Moisés seria filho de Levitas Judeus. Já a segunda família faz parte da nobreza.
Historiadores supuseram que a lenda fosse outra, no entanto, “por motivos nacionais”,
ela teria sido modificada. Freud chega, com uma série de ressalvas, ao ponto central do
seu estudo: a lenda original de Moisés não pode ter existido, Moisés era egípcio,
provavelmente um nobre. A lenda, de acordo com Freud, deve ter sido criada e
modificada pelo povo judeu, uma vez que seria inapropriado para o povo transformar
em sua grande lenda um estrangeiro.
Ao afirmar que Moisés era um egípcio, Freud tem diante de si um novo enigma,
como entre tantos que surgem ao longo do estudo e que serão difíceis de responder.
Como saber o que levou um egípcio nobre a se colocar à frente de um grupo de
estrangeiros imigrados, culturalmente atrasados, e abandonar com eles o país? Freud
aponta para a improbabilidade desse acontecimento, uma vez que os egípcios
desprezavam os povos estrangeiros. Freud supõe que essa seja a razão que leva os
historiadores a não aceitarem que Moisés era, de fato, egípcio. Moisés era um líder
político dos judeus estabelecidos no Egito, legislador, educador e que os obrigou a
servir uma nova religião chamada mosaica. “Mas será que é tão fácil assim um único
homem criar uma religião?” (FREUD, 2018, p. 49) De acordo com Freud, o povo
egípcio tinha religião e se Moisés era egípcio, não se pode negar a possibilidade de a
religião de Moisés também ser egípcia.

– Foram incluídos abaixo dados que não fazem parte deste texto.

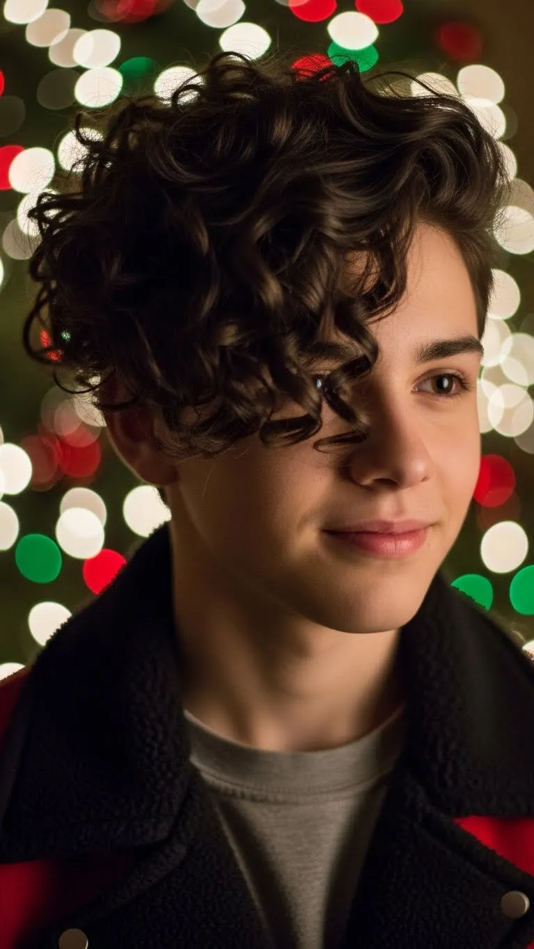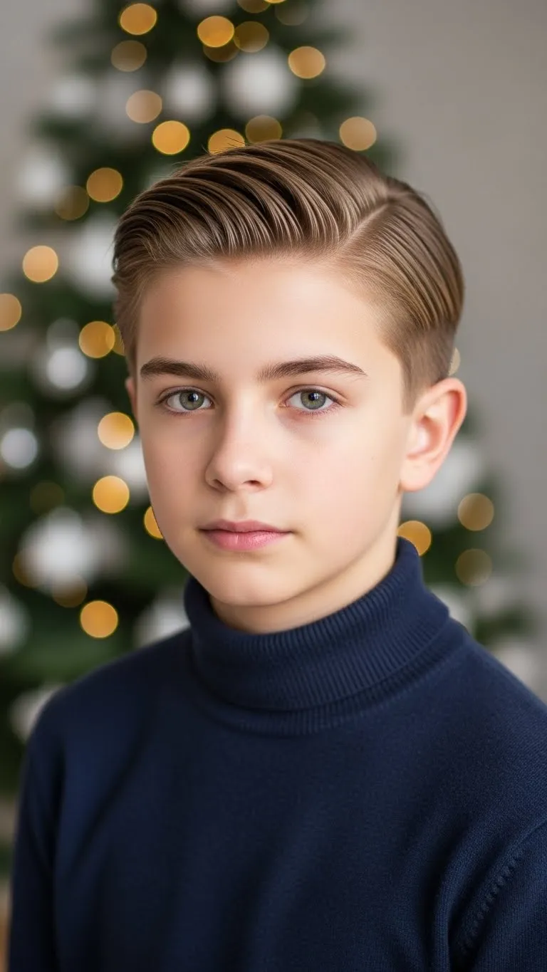 A sleek side part with shaped edges looks clean and stylish. Teens can smooth edges with a toothbrush and a small amount of gel. This style works on curly, coily, or straightened hair. Add a small holiday clip near the part for extra charm. You don’t need much product, so it’s budget-friendly. It stays neat for hours and pairs well with holiday outfits and accessories.

No entanto, algo atrapalha essa possibilidade: a
oposição entre a religião judaica e a religião egípcia. A primeira é monoteísta, a
segunda, politeísta. A primeira crê numa existência após a morte, a segunda renuncia a
ideia de imortalidade.
Segundo Freud, houve um monoteísmo anterior ao hebreu e ele justamente teria
surgido Egito. “É possível que a religião que Moisés deu a seu povo judeu fosse, final,
sua própria religião, uma religião egípcia, embora não a egípcia.” (FREUD, 2018, p.51)

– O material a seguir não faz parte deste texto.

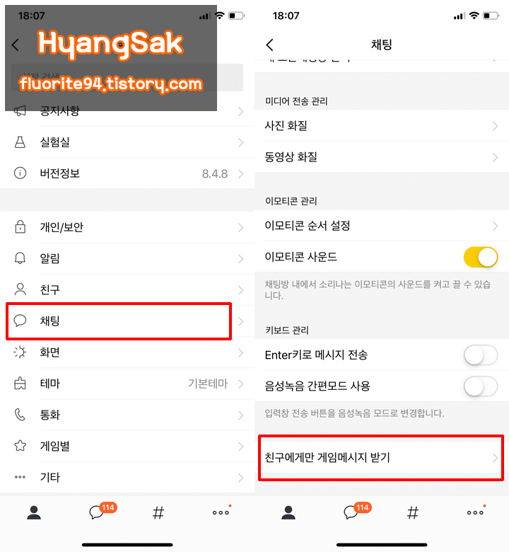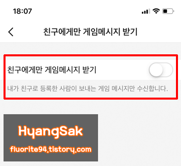 [채팅 - 친구에게만 게임 메시지 받기]에 들어가면 옵션을 변경할 수 있습니다.

Na XVIII dinastia subiu ao trono um faraó chamado Amenófis e que mudará mais tarde
seu nome para Akenaton. Esse rei impôs aos egípcios uma nova religião. Essa nova
religião, calcada por um monoteísmo rigoroso, foi influenciada pela situação política do
Egito que havia se tornado uma potência mundial graças a feitos bélicos de Tutmés. Ao
império Egípcio, agregaram-se a Núbia, a Palestina, a Síria e uma parte da
Mesopotâmia. O imperialismo Egípcio refletia na religião, que já não se podia mais
adorar deuses locais, mas sim um deus universal. A divindade elegida foi Aton, deus do
Sol. Amenófis durante seu reinado ordenou a exclusão de tudo que era místico, mágico,
encantatório. O rei foi tão rigoroso que mandou que fossem examinados monumentos
com palavra Deus no plural. Houve também um silêncio sobre o Osíris, o deus dos
Mortos e sobre o reino dos mortos. Já o deus do Sol foi representado por meio um disco
redondo de onde emanam raios que terminam em mãos humanas.

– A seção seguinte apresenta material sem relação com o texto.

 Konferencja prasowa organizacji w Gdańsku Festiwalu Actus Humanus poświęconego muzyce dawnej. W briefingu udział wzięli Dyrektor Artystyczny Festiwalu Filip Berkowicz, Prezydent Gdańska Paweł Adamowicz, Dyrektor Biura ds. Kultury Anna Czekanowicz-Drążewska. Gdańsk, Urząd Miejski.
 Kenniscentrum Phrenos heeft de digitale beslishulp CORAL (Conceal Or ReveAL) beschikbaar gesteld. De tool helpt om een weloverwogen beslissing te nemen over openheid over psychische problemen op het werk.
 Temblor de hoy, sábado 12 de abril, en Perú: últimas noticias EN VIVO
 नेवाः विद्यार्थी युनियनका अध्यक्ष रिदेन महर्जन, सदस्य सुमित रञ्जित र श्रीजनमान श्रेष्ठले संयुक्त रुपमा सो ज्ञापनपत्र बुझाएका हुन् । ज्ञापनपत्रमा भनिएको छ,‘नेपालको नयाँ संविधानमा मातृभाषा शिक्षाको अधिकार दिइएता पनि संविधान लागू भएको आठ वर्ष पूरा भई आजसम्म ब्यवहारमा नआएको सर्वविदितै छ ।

Moisés era, portanto, egípcio. Talvez da casa real de Akenaton, um servo
importante de Akenaton, governante ou sacerdote de algum tipo. Após a derrocada do
seu rei, ele parte com povos semíticos, imigrantes, escravos e parte para fazer o êxodo
afim de conservar sua antiga religião monoteísta. Freud afirma que não necessariamente
Moisés tenha sido uma pessoa que conheceu Akenaton, pode ser um seguidor de
Akenaton que resgatou a religião e trouxe ao seu povo. A circuncisão, segundo
Heródoto, prática egípcia e também fenícia, convém a Moisés por se tratar de uma
prática que ajuda a diferenciar um povo de outro. A circuncisão, então, teria sido
introduzida aos judeus por Moisés.
O homem Moisés era impaciente, violento. Dizem que matou um egípcio que
maltratava um escravo semita, que quebrou as tábulas da lei irritado com os pecados de
seu povo e, castigado por Deus, nunca pisou na terra prometida. Dizem que tinha um
problema de linguagem. Para Freud, no entanto, Moisés, não falava o idioma dos judeus
e só se expressava através de Aaron. Para Freud, possivelmente Moisés tenha sido
assassinado pelo seu povo, insistindo na ideia que sempre lhe acompanha, do crime na
construção da humanidade. A passagem do tempo talvez tenha embaralhado a história e
por meio de um processo traumático, o mito tenha sido reprimido. E essa negação, em
determinado momento, retornou em algum momento da história.